Of course, stepping up to defend myself and TUAW like this is just what you'd expect a "fanboy" to do, right? And the scientific minds behind Cracked would point out that poo-pooing study results like those from U of Illinois is extremely common, that we all delude ourselves we're above that sort of thing. "Certainly," we'll say, "there is an Apple cult, but I'm too self-aware to be part of it. This is why I stay with Apple, not because I salivate every time I see a precision-crafted piece of unibody aluminum."

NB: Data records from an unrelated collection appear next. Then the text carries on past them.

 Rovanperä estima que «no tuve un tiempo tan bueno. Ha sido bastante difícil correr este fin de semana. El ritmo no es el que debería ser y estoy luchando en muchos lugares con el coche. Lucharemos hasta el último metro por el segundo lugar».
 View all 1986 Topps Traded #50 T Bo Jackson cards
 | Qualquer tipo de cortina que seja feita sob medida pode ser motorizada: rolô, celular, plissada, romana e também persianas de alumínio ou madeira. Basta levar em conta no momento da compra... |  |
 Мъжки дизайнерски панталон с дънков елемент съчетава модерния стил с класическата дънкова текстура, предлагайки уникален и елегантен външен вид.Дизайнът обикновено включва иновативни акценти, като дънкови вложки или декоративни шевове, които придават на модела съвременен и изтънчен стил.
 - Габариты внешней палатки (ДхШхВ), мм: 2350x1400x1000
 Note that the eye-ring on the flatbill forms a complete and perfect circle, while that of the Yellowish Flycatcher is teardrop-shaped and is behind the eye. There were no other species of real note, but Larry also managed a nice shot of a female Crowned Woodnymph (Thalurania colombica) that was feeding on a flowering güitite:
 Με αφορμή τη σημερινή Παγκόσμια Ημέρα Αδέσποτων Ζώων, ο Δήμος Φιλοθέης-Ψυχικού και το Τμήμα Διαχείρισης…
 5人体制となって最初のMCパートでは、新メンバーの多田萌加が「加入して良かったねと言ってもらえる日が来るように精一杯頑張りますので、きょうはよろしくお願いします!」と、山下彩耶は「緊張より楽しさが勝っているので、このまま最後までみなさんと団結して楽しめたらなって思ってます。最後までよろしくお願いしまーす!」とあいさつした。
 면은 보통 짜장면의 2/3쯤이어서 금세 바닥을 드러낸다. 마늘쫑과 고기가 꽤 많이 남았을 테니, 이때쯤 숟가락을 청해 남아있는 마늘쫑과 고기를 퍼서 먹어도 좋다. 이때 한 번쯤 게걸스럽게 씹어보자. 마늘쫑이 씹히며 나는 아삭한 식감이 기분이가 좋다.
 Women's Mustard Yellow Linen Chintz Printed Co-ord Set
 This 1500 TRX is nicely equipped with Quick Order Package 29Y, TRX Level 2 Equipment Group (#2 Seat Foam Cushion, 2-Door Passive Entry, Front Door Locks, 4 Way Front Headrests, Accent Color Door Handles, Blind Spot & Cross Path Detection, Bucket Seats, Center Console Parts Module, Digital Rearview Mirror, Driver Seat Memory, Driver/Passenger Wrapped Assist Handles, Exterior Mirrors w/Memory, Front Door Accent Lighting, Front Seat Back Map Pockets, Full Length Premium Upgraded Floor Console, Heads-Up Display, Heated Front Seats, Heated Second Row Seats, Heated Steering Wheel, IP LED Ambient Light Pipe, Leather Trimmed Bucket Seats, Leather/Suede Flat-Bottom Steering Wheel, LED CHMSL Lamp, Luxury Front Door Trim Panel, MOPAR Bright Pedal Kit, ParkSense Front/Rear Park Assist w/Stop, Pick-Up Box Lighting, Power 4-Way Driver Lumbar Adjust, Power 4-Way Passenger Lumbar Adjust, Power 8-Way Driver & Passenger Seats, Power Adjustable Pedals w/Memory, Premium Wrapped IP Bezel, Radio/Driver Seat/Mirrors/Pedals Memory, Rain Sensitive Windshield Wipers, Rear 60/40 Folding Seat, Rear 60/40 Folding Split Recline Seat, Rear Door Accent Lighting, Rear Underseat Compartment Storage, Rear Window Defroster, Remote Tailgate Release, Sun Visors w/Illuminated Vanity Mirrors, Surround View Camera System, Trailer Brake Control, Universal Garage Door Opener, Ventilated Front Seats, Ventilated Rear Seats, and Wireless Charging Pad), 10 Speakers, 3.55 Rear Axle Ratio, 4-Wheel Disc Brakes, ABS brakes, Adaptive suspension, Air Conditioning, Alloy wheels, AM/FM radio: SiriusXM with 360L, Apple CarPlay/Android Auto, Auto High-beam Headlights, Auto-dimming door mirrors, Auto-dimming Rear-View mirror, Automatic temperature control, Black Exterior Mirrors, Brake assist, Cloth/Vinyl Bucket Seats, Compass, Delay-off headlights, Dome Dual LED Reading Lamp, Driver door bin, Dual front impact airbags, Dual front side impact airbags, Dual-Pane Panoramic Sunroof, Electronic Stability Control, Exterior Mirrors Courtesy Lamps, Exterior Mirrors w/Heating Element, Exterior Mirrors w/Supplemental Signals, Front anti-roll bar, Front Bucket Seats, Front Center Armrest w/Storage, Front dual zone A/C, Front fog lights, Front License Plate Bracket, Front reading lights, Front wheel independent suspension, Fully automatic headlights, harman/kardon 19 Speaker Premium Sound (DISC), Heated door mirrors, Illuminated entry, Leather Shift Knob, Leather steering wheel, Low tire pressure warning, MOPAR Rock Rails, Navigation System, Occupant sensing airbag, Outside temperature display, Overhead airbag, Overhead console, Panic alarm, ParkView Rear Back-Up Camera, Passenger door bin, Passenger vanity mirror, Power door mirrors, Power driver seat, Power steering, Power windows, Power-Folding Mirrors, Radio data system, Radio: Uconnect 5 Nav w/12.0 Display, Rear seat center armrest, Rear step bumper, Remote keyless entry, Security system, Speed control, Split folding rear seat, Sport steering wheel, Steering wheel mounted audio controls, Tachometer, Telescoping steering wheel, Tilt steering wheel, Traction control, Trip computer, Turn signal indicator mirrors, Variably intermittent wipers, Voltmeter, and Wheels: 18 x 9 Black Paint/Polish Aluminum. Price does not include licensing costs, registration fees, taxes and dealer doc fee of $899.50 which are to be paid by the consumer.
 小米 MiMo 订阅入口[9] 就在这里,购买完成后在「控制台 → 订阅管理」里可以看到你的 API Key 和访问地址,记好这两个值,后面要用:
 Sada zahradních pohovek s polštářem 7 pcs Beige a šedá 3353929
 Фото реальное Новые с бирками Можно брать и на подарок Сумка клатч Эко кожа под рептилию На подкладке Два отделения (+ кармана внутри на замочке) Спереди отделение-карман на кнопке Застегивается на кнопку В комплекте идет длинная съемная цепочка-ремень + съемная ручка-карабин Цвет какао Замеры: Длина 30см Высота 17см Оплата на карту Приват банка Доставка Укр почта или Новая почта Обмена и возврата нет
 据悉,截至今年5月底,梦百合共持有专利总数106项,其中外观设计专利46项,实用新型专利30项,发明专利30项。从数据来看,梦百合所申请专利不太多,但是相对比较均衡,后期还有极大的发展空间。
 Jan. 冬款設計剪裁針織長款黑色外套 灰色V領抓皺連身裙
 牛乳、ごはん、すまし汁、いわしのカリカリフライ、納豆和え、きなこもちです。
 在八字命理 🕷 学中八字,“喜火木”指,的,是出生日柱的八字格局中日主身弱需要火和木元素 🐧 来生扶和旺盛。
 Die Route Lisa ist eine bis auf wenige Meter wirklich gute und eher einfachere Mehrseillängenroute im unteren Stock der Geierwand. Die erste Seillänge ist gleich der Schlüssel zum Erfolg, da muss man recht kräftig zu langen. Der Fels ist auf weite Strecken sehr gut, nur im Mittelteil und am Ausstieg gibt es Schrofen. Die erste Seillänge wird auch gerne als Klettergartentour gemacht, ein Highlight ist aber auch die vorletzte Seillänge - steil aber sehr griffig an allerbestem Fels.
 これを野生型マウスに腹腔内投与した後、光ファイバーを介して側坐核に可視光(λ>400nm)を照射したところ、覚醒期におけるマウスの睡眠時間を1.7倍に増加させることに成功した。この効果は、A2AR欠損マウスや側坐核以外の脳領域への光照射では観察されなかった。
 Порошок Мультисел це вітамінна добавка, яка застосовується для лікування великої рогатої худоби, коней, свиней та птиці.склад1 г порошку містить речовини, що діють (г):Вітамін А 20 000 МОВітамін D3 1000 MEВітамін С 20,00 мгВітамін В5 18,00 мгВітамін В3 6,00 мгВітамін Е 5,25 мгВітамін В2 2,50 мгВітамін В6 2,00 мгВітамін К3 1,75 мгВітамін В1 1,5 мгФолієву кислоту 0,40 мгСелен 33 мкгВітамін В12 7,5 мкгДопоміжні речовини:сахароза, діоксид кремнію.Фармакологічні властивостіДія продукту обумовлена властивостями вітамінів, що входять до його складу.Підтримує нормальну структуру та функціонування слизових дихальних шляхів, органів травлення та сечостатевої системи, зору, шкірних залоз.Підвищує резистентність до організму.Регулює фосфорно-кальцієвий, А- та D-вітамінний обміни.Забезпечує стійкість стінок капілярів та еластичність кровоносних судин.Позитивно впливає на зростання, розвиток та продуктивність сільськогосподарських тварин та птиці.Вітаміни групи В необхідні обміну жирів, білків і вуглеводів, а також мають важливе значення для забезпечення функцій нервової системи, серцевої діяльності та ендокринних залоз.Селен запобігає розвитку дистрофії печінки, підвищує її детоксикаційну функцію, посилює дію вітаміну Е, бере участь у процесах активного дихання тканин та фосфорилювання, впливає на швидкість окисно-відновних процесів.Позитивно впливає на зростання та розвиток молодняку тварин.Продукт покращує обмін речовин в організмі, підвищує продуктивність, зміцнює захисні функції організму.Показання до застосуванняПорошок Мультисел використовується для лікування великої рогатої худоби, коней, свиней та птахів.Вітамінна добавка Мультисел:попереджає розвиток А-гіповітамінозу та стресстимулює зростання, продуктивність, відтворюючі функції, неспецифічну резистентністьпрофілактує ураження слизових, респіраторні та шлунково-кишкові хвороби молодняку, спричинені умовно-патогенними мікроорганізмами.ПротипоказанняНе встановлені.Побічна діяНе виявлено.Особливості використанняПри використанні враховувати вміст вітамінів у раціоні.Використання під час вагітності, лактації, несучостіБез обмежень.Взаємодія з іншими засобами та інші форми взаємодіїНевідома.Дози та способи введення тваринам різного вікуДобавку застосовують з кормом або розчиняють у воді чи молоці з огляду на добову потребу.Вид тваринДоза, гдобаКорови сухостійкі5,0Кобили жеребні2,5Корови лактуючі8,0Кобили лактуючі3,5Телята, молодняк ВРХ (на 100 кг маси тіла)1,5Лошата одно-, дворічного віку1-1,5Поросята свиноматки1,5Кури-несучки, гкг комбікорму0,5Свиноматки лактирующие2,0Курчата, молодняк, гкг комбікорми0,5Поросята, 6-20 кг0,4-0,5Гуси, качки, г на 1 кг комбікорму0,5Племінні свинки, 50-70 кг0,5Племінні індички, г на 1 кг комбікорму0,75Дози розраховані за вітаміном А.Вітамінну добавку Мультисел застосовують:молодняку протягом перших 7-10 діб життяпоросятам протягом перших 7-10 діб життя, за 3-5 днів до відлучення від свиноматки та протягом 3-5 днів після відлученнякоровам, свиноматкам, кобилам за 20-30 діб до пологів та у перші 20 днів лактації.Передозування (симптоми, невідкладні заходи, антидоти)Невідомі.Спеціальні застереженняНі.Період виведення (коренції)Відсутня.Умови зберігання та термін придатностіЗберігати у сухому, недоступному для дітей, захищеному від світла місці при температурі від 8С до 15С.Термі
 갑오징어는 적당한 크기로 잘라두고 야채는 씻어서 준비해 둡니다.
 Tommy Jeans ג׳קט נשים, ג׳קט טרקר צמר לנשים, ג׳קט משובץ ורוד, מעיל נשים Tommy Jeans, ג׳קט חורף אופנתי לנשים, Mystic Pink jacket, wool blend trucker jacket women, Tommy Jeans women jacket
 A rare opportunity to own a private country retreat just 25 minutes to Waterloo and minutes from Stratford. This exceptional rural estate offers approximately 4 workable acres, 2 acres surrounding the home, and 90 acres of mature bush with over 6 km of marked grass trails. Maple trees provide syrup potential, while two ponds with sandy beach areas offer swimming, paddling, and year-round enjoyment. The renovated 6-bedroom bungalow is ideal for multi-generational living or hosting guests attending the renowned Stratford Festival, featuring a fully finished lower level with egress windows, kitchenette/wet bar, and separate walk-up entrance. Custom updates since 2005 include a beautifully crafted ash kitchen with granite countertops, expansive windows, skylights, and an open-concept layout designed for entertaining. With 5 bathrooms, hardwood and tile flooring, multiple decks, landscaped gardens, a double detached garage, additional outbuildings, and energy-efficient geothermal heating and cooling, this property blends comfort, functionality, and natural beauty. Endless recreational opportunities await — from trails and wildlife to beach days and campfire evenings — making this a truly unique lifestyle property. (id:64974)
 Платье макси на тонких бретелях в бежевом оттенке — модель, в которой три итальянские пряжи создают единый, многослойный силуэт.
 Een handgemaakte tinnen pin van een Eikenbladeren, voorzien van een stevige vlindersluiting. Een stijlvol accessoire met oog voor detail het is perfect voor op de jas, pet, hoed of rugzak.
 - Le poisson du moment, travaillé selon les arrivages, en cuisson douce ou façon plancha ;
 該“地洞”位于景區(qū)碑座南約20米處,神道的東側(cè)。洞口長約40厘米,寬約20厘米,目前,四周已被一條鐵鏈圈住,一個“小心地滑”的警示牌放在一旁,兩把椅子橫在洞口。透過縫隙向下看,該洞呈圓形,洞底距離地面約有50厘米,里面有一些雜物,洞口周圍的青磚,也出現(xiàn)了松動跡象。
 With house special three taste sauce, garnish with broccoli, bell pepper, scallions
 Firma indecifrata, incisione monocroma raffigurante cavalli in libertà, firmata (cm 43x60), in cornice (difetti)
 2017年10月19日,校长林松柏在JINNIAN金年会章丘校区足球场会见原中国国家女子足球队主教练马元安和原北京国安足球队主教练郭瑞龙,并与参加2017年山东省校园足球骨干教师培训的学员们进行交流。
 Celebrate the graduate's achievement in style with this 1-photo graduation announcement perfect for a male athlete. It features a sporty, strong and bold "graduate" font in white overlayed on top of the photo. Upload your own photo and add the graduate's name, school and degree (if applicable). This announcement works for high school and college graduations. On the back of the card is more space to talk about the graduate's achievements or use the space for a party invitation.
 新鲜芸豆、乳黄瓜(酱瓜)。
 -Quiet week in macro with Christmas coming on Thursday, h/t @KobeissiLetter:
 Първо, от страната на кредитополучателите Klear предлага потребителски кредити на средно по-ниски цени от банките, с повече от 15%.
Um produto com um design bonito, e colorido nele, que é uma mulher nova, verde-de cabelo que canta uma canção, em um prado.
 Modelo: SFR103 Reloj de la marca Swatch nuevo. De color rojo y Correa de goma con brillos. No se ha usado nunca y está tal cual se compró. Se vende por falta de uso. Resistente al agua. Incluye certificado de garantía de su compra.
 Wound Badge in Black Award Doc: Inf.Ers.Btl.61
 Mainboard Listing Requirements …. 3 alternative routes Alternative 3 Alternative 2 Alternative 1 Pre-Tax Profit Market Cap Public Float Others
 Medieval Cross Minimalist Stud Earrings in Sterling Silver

I will say that my loyalty to any company goes only so far. My PlayStation 3 died yesterday as a result of a well-known manufacturing defect, and my PlayStation 2 died an untimely death only four years ago because of yet another manufacturing issue. Both happened well outside of Sony's pitiful warranty period, so all repair/replacement costs came out of my own pocket. So guess what? I'm not buying a PlayStation 4. Sony, you and me, we're done professionally.

As for Apple and its products, the second a single company comes out with a notebook better than a MacBook Pro or Air, and a phone better than an iPhone, and a tablet better than an iPad, and an operating system better than OS X, and customer service better than AppleCare, and integrates it all so tightly that from top to bottom there's no mistaking the quality of the products or the experience of using them, I will kick Apple to the curb without regret.

I mean, wouldn't you? ...No? Pfft, fanboy.